OPINION.
Murdock, Judge:The Commissioner contends that Exilda had gross income in excess of $500 for each year and could not be a dependent under section 25 (b) (1) (C) of the Code. The petitioner argues that the gross income to which the Commissioner refers belonged to a partnership and was not gross income of the partners within the meaning of section 25 (b) (1) (C). The petitioner testified that there was no written agreement of partnership and “there aren’t any terms” of a partnership agreement. A fair inference to be drawn from all of her testimony is that her only basis for thinking that there was a partnership is the fact that the rental properties were conveyed to her sister and herself as tenants in common.

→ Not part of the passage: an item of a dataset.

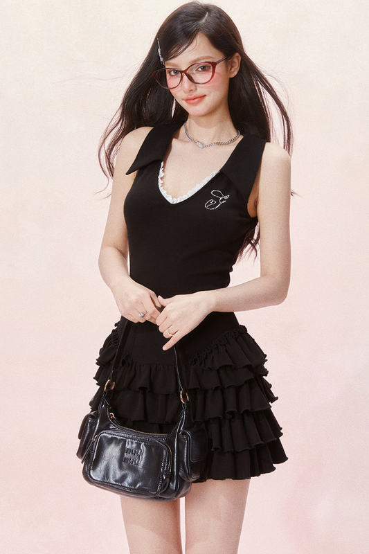 Rock Cami Kleid Big Bow Ausschnitt Schwarz mit gestreifter Taille Abnehmbare Kette Blase

Tenants in common who rent their property are not ipso facto partners for tax purposes. Estate of Edgar S. Appleby, 41 B. T. A. 18, affd. 123 F. 2d 700; Coffin v. United States, 120 F. Supp. 9. The method of operation of the rental properties does not indicate a partnership for tax purposes rather than a mere tenancy in common. Cf. Estate of R. L. Langer, 16 T. C. 41, affd. 194 F. 2d 288. The record does not show that Exilda had less than $500 of gross income for either year.

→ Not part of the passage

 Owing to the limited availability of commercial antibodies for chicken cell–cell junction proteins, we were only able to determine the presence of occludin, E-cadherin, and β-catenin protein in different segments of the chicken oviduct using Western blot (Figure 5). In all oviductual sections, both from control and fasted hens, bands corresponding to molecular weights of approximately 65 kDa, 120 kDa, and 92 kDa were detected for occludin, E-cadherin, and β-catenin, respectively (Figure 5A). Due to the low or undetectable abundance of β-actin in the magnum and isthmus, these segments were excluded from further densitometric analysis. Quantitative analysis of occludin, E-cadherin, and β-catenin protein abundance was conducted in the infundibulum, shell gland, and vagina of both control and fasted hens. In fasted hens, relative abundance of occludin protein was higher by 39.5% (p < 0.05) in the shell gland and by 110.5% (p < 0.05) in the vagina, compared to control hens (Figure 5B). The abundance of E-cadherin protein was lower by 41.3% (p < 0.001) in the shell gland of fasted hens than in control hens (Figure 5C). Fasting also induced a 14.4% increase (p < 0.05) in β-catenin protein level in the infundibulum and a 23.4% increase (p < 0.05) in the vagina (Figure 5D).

Furthermore, it was clearly understood at the beginning of the trial of this case that there was in issue the question of whether more than one-half of the support of Exilda in each year was received from the petitioner. The petitioner was the only witness. She made no effort to give any exact figures but merely tried to approximate the expenditures about which she testified. Her counsel requests a finding that she spent the following amounts for the support of her sister in each year:
(1) $170 for special prescriptions.
(2) 720 as personal allowance ($60 per month).
(3) 300 for food (one-half of $60 per month).
(4) 72 for utilities.
(5) 36 for hospital and surgical insurance.
,She testified that she spent approximately the amounts claimed in (1), (4), and (5) for the purposes indicated. She said their food bills averaged about $50 a month but she did not testify on the subject of their payment. She said she gave her sister about $60 per month for her personal use but also said Exilda used it to “Buy her clothes and quite often it went into household expenses.” Her testimony does not justify findings such as (2) and (3). It seems reasonable to conclude, however, that in each year she spent about $650 for the expenses of her sister. Exilda gave the petitioner in return her lodging rent free and at the same time provided her own lodging and some cash towards her total support. The value of the lodging is not shown. A part of the cash expended by the petitioner for the benefit of Exilda should be offset against the value of the lodging that Exilda furnished the petitioner in order to determine how much the petitioner contributed to the support of Exilda without adequate consideration in money’s worth. If a proper rent would be even as much as that received for one of the duplex apartments the result would be fatal to the petitioner’s contention. The record does not show the total amount of Exilda’s support or that more than one-half of it was received from the petitioner as required by section 25 (b) (3) of the Internal Revenue Code.
Reviewed by the Court.
Decision will be entered for the respondent.
Van FossaN and Bettce, JJ., concur in the result. JOHNSON, J., dissents.